The original prompt had the current timestamp at position 1. Every API call has a different timestamp, so we got zero cache hits across iterations. Moving the timestamp to the end and sorting all sections by stability turned the first roughly 20,000 tokens into a cache-stable prefix across a task session. Over eight iterations, billed computation drops from 8 x 25,000 = 200,000 tokens to roughly 25,000 + 7 x 5,000 = 60,000 tokens on providers with prefix caching.

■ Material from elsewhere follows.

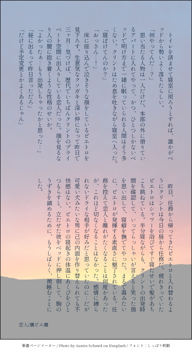 かいこう☆quiet followTRAINING恋人/鷹ピエ鷹 ##ss名刺 ##AVENGERS Tap to full screen (size:618x1132).Repost is prohibited Let's send reactions! freqpopularsnackothersPayment processing Replies from the creator Follow creator you care about!☆quiet follow かいこうDONE未来の俺/花流 3395 かいこうDONEイベントの展示に追加できるかな~と思ったけど間に合わなかったんだけどせっかくなので…! 2197 かいこうDONE1011人に聞きたいな♪花流webアンケート、画像おまとめ版です! 14 かいこうDONE1011人に聞きたいな♪お答えくださった皆さま、どうもありがとうございました♡ 5264 かいこうDONE流川楓の敗北/花流花道誕生日当日のお話 6 かいこうDONE誕生日に向かって/花流 7

The sections are now ordered by stability, with the stable prefix first and dynamic content last. The exact order matches buildSystemPromptForMode() in src/core/systemPrompt.ts:233.

Stable prefix (above the cache breakpoint, cached across iterations within a session):

#SectionWhat it does
1Mode definitionSets the role (or a subagent profile override) that shapes everything below
1bCost-aware heuristicsPlan-first, tool tiers, anti-overthinking, budget awareness. Lean variant on auto-mode mid-tier loops.
2CapabilitiesCompact summary of what the agent can do
3Obsidian conventionsVault rules: frontmatter, wikilinks, attachments
4ToolsCompact tool catalogue, filtered by the agent's toolGroups. Full docs load on demand via find_tool.
5Tool routingTool selection rules and decision guidelines
6ObjectiveTask decomposition strategy
7Response formatOutput structure rules (omitted in subtasks)
8Security boundaryPrompt-injection defence, permission boundaries
8bSkill directoryStable list of every installed skill (name plus description). The model loads the full body on demand via read_skill.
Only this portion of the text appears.